PPAPI: Purposely leak ProxyLock, fix shutdown race

This CL: - Makes callbacks returned by RunWhileLocked acquire the lock when they are destroyed if they are not run. This eliminates some potential race conditions. - Because MessageLoops can be destroyed after the PpapiGlobals (and thus the ProxyLock), this means we need to make the ProxyLock live longer. So we leak it so that it lives all the way through shutdown. This issue depends on: https://codereview.chromium.org/19492014/ BUG= R=yzshen@chromium.org Committed: https://src.chromium.org/viewvc/chrome?view=rev&revision=222829 Reverted: https://src.chromium.org/viewvc/chrome?view=rev&revision=222840 (static initializer + content_unittests failure) Review URL: https://chromiumcodereview.appspot.com/19492014 git-svn-id: svn://svn.chromium.org/chrome/trunk/src@223738 0039d316-1c4b-4281-b951-d872f2087c98
author: dmichael@chromium.org <dmichael@chromium.org@0039d316-1c4b-4281-b951-d872f2087c98> 2013-09-17 23:30:00 +0000
committer: dmichael@chromium.org <dmichael@chromium.org@0039d316-1c4b-4281-b951-d872f2087c98> 2013-09-17 23:30:00 +0000
commit: b1d571afd4400219ee44bd15ac9cea7f0ff8e31f (patch)

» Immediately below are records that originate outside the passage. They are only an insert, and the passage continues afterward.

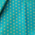 Aquamarine bluish green dual tone handwoven Kanchipuram silk fabric with diamond and dot buttis woven in vertical lines. Note: Pricing by the metre more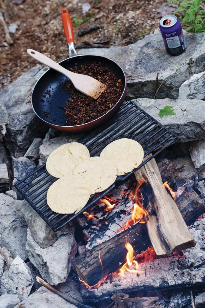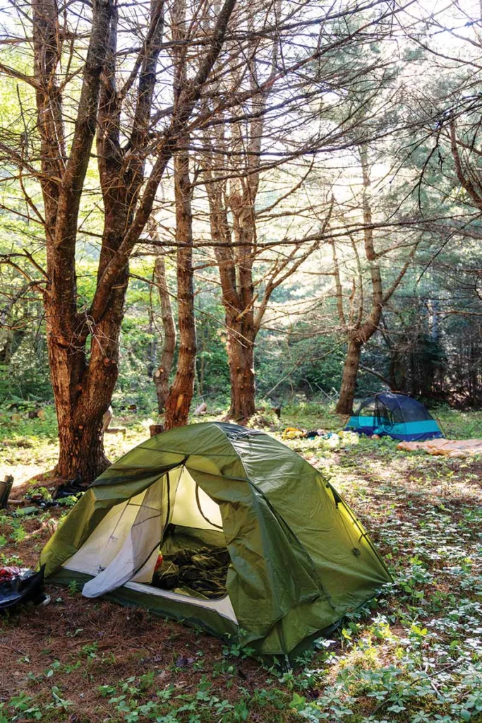After Estey, we paddle a few more miles against the wind into Orange Lake, then stop to rest on a sandy beach, where we all lie down and watch a hundred dragonflies catching blackflies and mosquitoes overhead. It’s a heavenly feeling, sprawling out in the sun with the forest behind us. From the beach, it’s a short paddle to a brand-new MCHT campsite, one of three that the group will make freely reservable next summer. After tacos and beers, we make our way to the edge of the water to watch the sky turn from pink to purple. A few ripples in the water suggest fish stirring — likely bass and pickerel, van de Sande says, the latter introduced illegally in the ’90s. He hops into a canoe with his fly rod in hand and stands alone in the boat, casting towards where we’d seen the ripples, until the light fades and it’s time to retreat into our tents. But he never does catch a fish.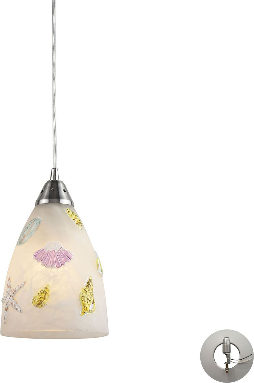 Seashore 1 Light Pendant In Satin Nickel and Hand Painted Glass - Includes Recessed Lighting Kit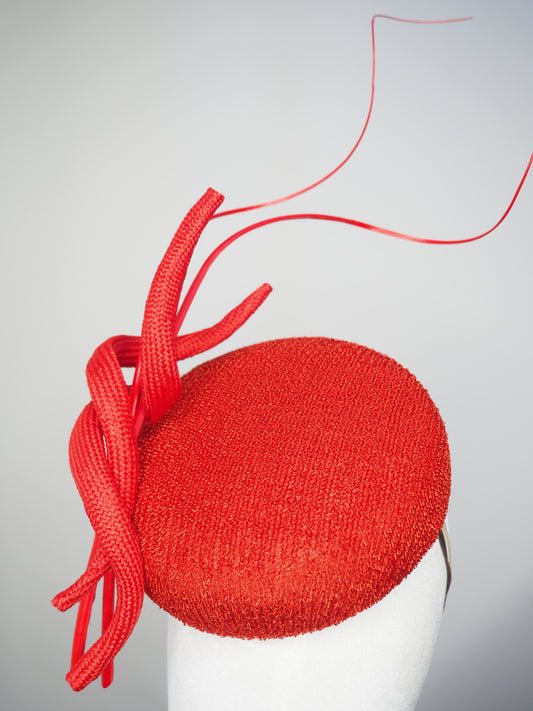 Scarlet Swirl - Red vintage straw cloth button vintage straw cloth button beret with wires parisissal swirls and quills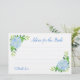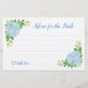 These bridal shower advice cards feature a watercolor blue hydrangea floral design with faux gold foil geometric frame on the back. Matching products also available.

tree: 16ba6b09209f7a7da0e18fb5e544d84be73c2c96 /ppapi/shared_impl/proxy_lock.h
parent: f1cbadcd4830901272cf824d9fdc19cd7bf68b86 (diff)

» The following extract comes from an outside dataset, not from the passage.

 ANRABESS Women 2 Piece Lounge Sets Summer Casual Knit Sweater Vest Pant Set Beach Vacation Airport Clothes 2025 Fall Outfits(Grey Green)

download: chromium_src-b1d571afd4400219ee44bd15ac9cea7f0ff8e31f.zip
chromium_src-b1d571afd4400219ee44bd15ac9cea7f0ff8e31f.tar.gz
chromium_src-b1d571afd4400219ee44bd15ac9cea7f0ff8e31f.tar.bz2
1 files changed, 76 insertions, 5 deletions
diff --git a/ppapi/shared_impl/proxy_lock.h b/ppapi/shared_impl/proxy_lock.h
index 9352471..9a81a13 100644
--- a/ppapi/shared_impl/proxy_lock.h
+++ b/ppapi/shared_impl/proxy_lock.h
@@ -16,6 +16,10 @@ namespace base {
 class Lock;
 }
 
+namespace content {
+class HostGlobals;
+}
+
 namespace ppapi {
 
 // This is the one lock to rule them all for the ppapi proxy. All PPB interface
@@ -28,6 +32,12 @@ namespace ppapi {
 // tracker, etc.
 class PPAPI_SHARED_EXPORT ProxyLock {
  public:
+  // Return the global ProxyLock. Normally, you should not access this
+  // directly but instead use ProxyAutoLock or ProxyAutoUnlock. But sometimes
+  // you need access to the ProxyLock, for example to create a condition
+  // variable.
+  static base::Lock* Get();
+
   // Acquire the proxy lock. If it is currently held by another thread, block
   // until it is available. If the lock has not been set using the 'Set' method,
   // this operation does nothing. That is the normal case for the host side;
@@ -41,7 +51,23 @@ class PPAPI_SHARED_EXPORT ProxyLock {
   // process). Does nothing when running in-process (or in the host process).
   static void AssertAcquired();
 
+  // We have some unit tests where one thread pretends to be the host and one
+  // pretends to be the plugin. This allows the lock to do nothing on only one
+  // thread to support these tests. See TwoWayTest for more information.
+  static void DisableLockingOnThreadForTest();
+
+  // Enables locking on the current thread. Although locking is enabled by
+  // default, unit tests that rely on the lock being enabled should *still*
+  // call this, since a previous test may have disabled locking.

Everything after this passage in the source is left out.